Миша положил пятьдесят долларов на стол и Соня полезла за сдачей.
— Не надо, — произнес Миша, — считайте их чаевыми.
— Мы тебе не лакеи, — взъярилась дочь. — Забирай свои паршивые двадцать долларов и катись поскорее отсюда.
Оксана Остаповна смотрела на дочь, потом перевела взгляд на Григория. Ей не было жаль этого потертого облезлого, внезапно разбогатевшего ловеласа и его миллионов вместе с ним, ей тоже было не надо. А то, что дочь взяла с них деньги, все правильно. По счетам надо платить.
Покидали Тульскую область с явным нетерпением. Слишком задели самолюбие Григория Сергеевича эти женщины. Оказывается деньги — это не всё. И его благодетельство обрушивается на собственную голову.
— Куда теперь? — спросил Миша.
— На Юг. Есть такой городок у Черного моря, Крымск. Там у меня тоже кто-то наверняка остался. Был в отпуске полтора месяца.
И старый ловелас погрузился в воспоминания прошлого.
* * *
Как часто любовь на заре, в полуночи, нечаянная, отчаянная, мимоходная, крепкая, преходящая, скоропалительная бросает двух человек в объятия друг другу. В тот момент — главное это удовлетворение страсти, охватившей тело, и мало кто вспоминает о душе и о последствиях столь непродолжительного восторга любви. Физиология она у всех одинакова, глаз не имеет. Разум — у каждого свой. Редко кто думает о последствиях, плодах любви, и как эти плоды должны себя чувствовать, появившись непрошенными на свет и зачастую ненужными тем, кто их произвел. Этим «родителям» абсолютно неизвестно о том, как живут их «цветочки», на чьем окошке цветут или засыхают никому не нужные.

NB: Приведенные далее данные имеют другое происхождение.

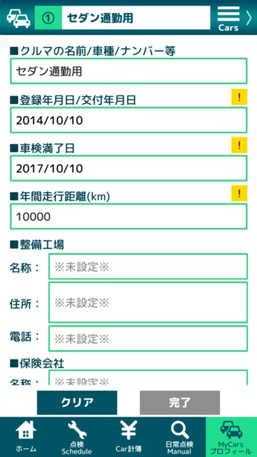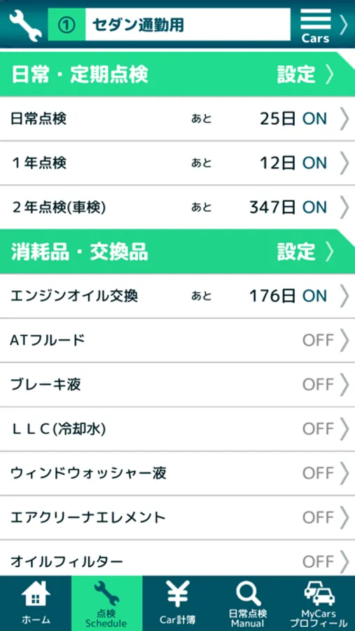 ※この基準となる距離や期間の数値は変更が可能ですので、実際の部品の状態や整備工場の専門家の意見を元に調整を行ってください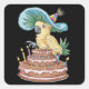 Pegatina Cuadrada cucaracha encaramada en pastel de cumpleaños gorra

Родители же, прожив жизнь, так и не узнают о своих произведенных на свет чад, и им невдомек какое горе мыкают большинство из них.
Таким путем появился на свет еще один горемыка. Он прожил в детдоме свои семнадцать лет. В день рождения ему вручили аттестат зрелости, полученный в школе, пару белья, немного денег и определили его место проживания. Им оказалось село Демьяново, в котором располагался тогда еще совхоз «Путь Ильича», в двадцати километрах от районного центра.
Вокруг Демьянова стояли еще несколько похожих сел, чахнувших от недостатка внимания руководства. Наступала новая эпоха, которая вскоре получит наименование «демократия», а пока на экранах телевизоров появился Михаил Сергеевич Горбачев и своими многоречивыми обещаниями поверг народ в надежду получить вскоре «манну небесную».
Все перестали смотреть кино и переключились на баталии политиков. Это было так необыкновенно, как если бы при Сталине подойти и плюнуть при всех на его памятник.
— Какой правитель, необыкновенный, смелый, решительный, повернёт нашу серую жизнь на 360 градусов, — радовались люди, толпами собираясь у совхозного громкоговорителя, где слышался голос нового вождя.
Под дебаты политиков в ожидании чуда-дня проходила жизнь сельчан.
— «Любо, братцы, любо, любо, братцы, жить», — распевали крестьяне и запивали свое будущее счастье самогонкой, которая была запрещена, но имелась в каждом доме.
Саньку привезли в совхоз под вечер на попутной машине и так как директора не нашли, оставили его в конюховке, так именовалась избушка, где хранится сбруя для лошадей.